* _Exercise brief_: Repeat exactly the line with "公司主要产品包括以太网交换芯" and each line after it to the end of the data below; pictures stay out.

Stored entries:

((

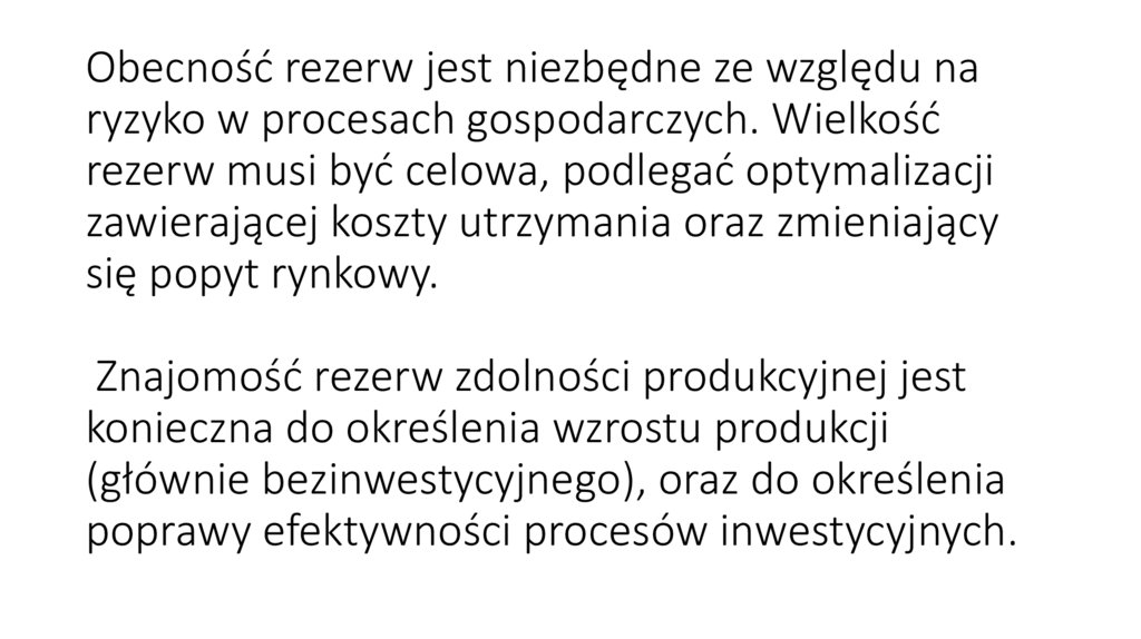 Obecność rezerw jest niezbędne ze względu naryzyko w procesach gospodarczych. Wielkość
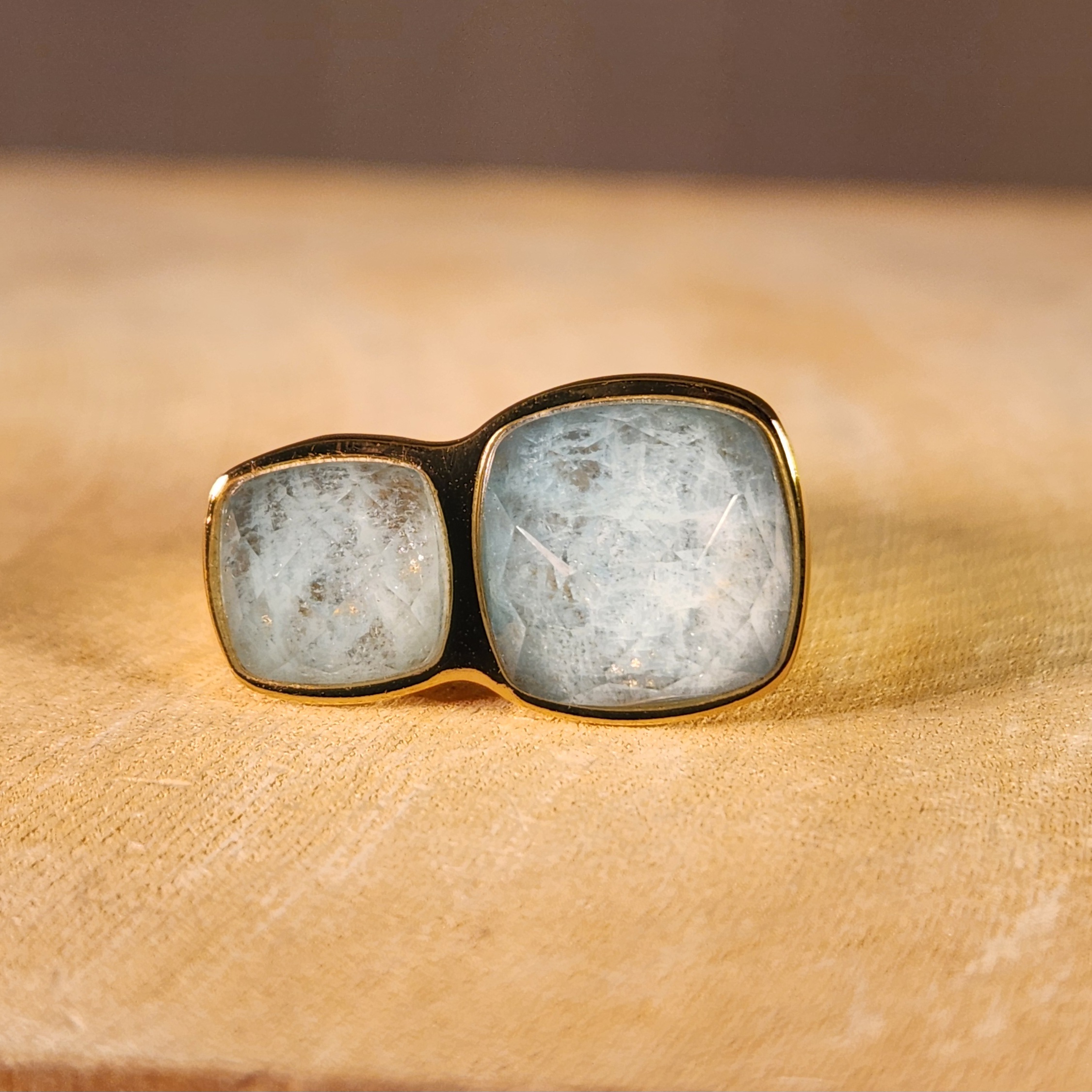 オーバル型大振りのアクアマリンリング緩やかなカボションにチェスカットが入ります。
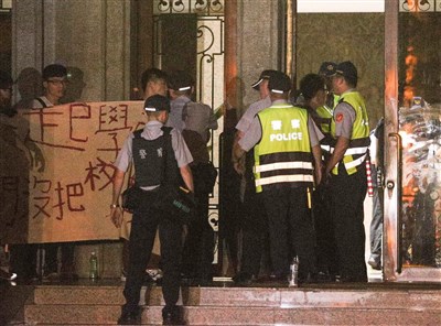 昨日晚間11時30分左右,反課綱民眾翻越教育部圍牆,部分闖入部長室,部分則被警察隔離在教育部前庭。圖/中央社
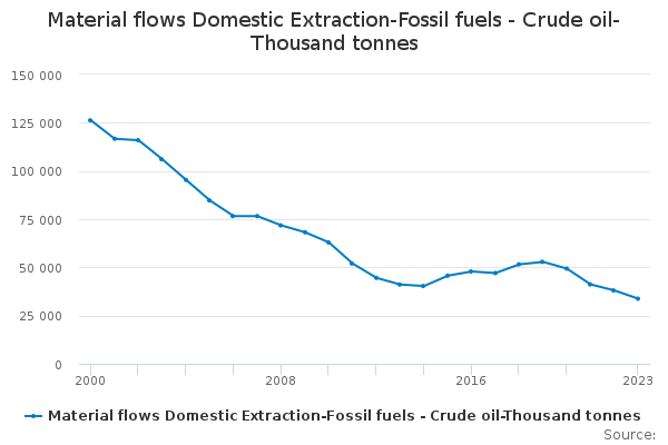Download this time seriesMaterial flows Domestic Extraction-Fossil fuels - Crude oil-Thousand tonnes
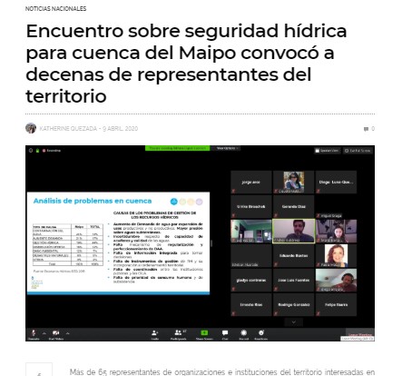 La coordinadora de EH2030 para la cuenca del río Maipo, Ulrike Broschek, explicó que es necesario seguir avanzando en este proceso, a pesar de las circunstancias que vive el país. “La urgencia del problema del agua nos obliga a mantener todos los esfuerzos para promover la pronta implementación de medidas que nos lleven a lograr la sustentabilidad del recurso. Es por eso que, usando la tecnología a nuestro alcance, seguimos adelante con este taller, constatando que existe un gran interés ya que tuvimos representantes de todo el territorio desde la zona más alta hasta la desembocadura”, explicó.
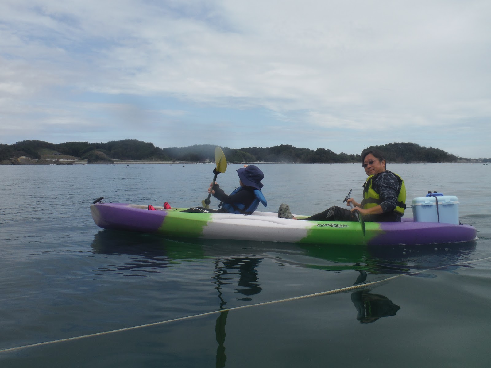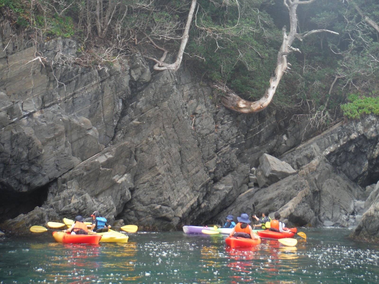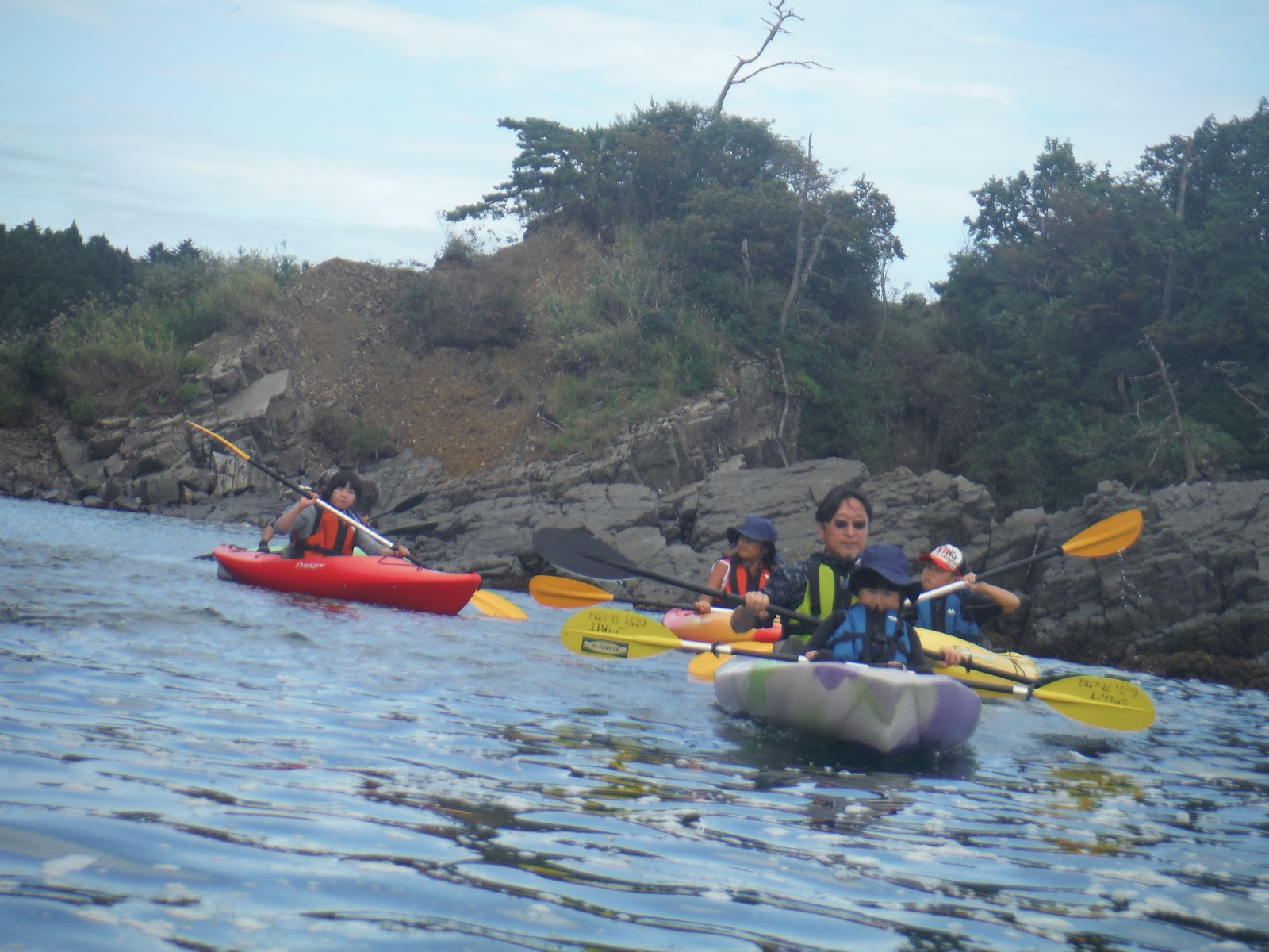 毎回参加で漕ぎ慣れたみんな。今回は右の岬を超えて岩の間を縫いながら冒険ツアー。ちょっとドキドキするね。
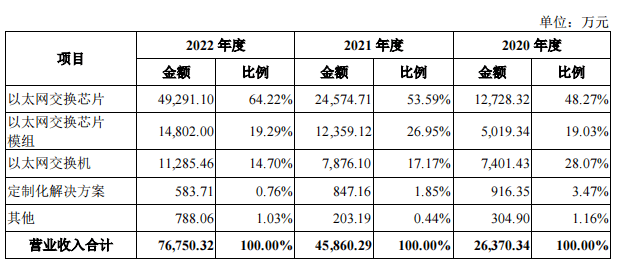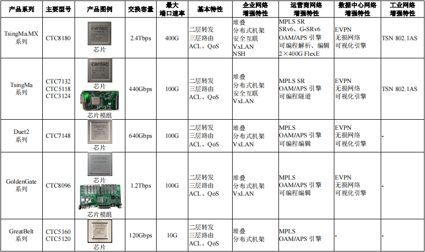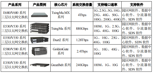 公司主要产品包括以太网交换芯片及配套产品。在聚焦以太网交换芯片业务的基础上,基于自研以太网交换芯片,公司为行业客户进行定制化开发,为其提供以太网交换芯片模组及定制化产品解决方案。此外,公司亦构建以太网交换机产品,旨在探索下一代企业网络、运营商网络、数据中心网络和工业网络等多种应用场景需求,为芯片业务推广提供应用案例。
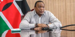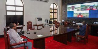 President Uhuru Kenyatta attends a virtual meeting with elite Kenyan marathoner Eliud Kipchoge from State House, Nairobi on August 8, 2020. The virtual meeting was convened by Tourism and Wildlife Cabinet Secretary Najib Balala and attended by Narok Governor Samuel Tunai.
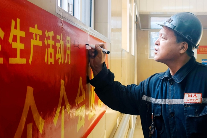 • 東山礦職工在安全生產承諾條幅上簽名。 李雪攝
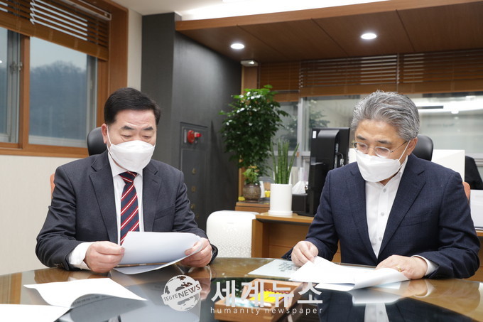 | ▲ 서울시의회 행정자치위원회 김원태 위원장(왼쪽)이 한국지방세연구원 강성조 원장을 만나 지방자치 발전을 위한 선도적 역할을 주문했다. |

))

* _Output of the task_:
 公司主要产品包括以太网交换芯片及配套产品。在聚焦以太网交换芯片业务的基础上,基于自研以太网交换芯片,公司为行业客户进行定制化开发,为其提供以太网交换芯片模组及定制化产品解决方案。此外,公司亦构建以太网交换机产品,旨在探索下一代企业网络、运营商网络、数据中心网络和工业网络等多种应用场景需求,为芯片业务推广提供应用案例。
 President Uhuru Kenyatta attends a virtual meeting with elite Kenyan marathoner Eliud Kipchoge from State House, Nairobi on August 8, 2020. The virtual meeting was convened by Tourism and Wildlife Cabinet Secretary Najib Balala and attended by Narok Governor Samuel Tunai.
 • 東山礦職工在安全生產承諾條幅上簽名。 李雪攝
 | ▲ 서울시의회 행정자치위원회 김원태 위원장(왼쪽)이 한국지방세연구원 강성조 원장을 만나 지방자치 발전을 위한 선도적 역할을 주문했다. |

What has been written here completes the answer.